The midnight hour has chimed and I should be asleep, but I'm awake. I'm
kept awake by one stunning thought. The world was different this week.
It was temporarily transformed.

The magical dust of Christmas glittered on the cheeks of humanity ever
so briefly, reminding us of what is worth having and what we were
intended to be. We forgot our compulsion with winning, wooing, and
warring. We put away our ladders and ledgers, we hung up our stopwatches
and weapons. We stepped off our race tracks and roller coasters and
looked outward toward the star of Bethlehem. It's the season to be jolly
because, more than at any other time, we think of him. More than in any
other season, his name is on our lips.

And the result? For a few precious hours our heavenly yearnings
intermesh and we become a chorus. A ragtag chorus of longshoremen,
Boston lawyers, illegal immigrants, housewives, and a thousand other
peculiar persons who are banking that Bethlehem's mystery is in reality,
a reality. "Come and behold him" we sing, stirring even the sleepiest of
shepherds and pointing them toward the Christ-child.

For a few precious hours, he is beheld. Christ the Lord. Those who pass
the year without seeing him, suddenly see him. People who have been
accustomed to using his name in vain, pause to use it in praise.

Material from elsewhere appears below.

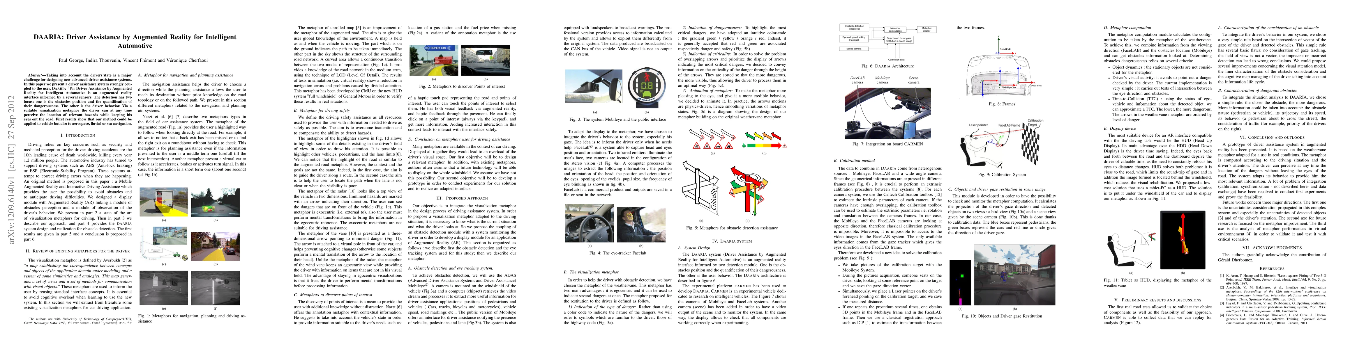The paper introduces DAARIA, an augmented reality driver assistance system using sensors to detect and quantify obstacles and driver behavior, enabling real-time hazard awareness. Initial results suggest its potential application beyond automobiles, including aerospace, fluvial, and maritime navigation.

Eyes,
now free of the blinders of self, marvel at his majesty.

All of a sudden he's everywhere.

In a few hours the cleanup will begin-lights will come down, trees will
be thrown out. Size 36 will be exchanged for size 40, eggnog will be on
sale for half price. Soon life will be normal again. December's
generosity will become January's payments and the magic will begin to
fade. But for the moment, the magic is still in the air. Maybe that's
why I'm still awake.

I want to savor the spirit just a bit more. I want to pray that those who beheld him today will look for him next August. And I can't help but linger on one fanciful thought: If he can do so much with such timid prayers lamely offered in December, how much more could he do if we thought of him every day?